Exactly as they appear below, repeat the lines from the one with "Thank you to" through the one with "Consumer Surplus: The", and no others.

_Records for this exercise_:
■ ■ ■ ■ ■ ■ ■

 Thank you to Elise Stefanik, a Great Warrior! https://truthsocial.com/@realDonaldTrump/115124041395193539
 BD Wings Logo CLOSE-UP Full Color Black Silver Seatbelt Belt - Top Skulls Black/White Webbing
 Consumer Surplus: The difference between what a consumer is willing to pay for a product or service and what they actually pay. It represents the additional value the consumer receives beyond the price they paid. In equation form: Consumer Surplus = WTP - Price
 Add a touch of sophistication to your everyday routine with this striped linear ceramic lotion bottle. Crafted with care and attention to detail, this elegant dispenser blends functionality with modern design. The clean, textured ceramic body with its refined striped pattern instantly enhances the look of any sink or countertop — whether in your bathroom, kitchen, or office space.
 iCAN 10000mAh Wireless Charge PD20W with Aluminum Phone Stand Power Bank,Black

■ ■ ■ ■ ■ ■ ■

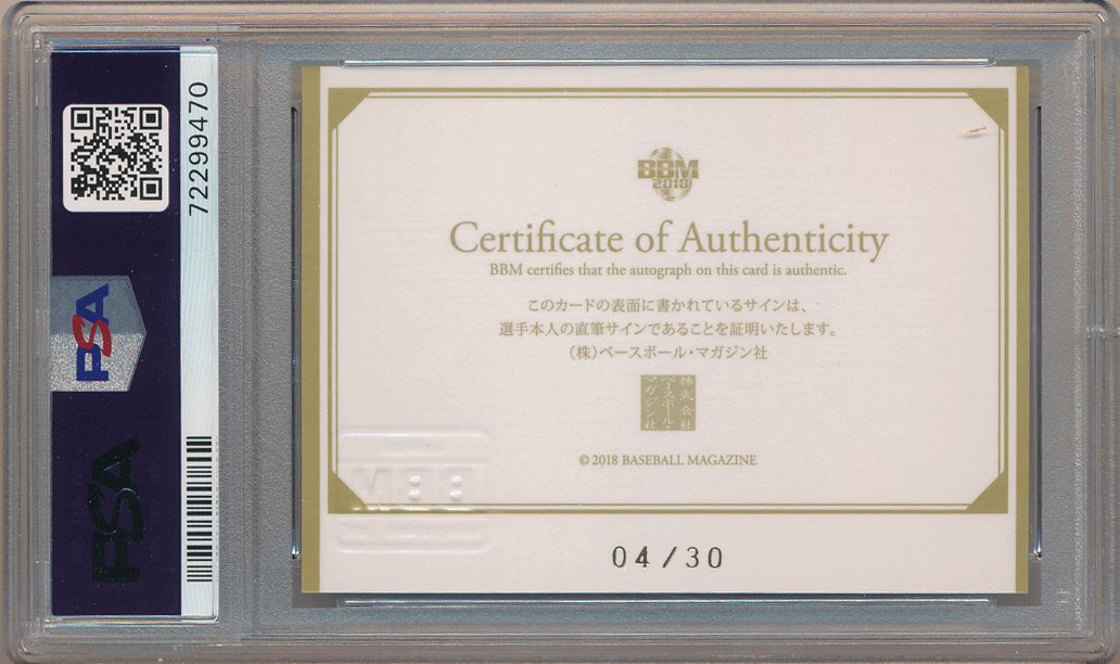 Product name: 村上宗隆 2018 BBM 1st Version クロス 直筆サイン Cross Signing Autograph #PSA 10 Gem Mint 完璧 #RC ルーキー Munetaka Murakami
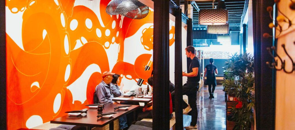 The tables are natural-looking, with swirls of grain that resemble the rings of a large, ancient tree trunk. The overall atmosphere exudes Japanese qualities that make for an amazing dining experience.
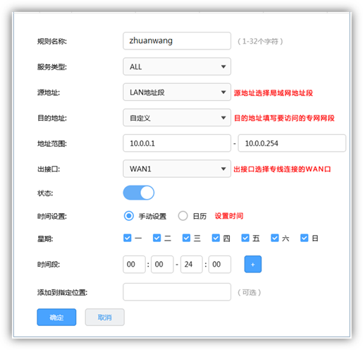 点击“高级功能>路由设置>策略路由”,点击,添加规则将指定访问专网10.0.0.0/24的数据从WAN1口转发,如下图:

■ ■ ■ ■ ■ ■ ■

_Task output_:
 Thank you to Elise Stefanik, a Great Warrior! https://truthsocial.com/@realDonaldTrump/115124041395193539
 BD Wings Logo CLOSE-UP Full Color Black Silver Seatbelt Belt - Top Skulls Black/White Webbing
 Consumer Surplus: The difference between what a consumer is willing to pay for a product or service and what they actually pay. It represents the additional value the consumer receives beyond the price they paid. In equation form: Consumer Surplus = WTP - Price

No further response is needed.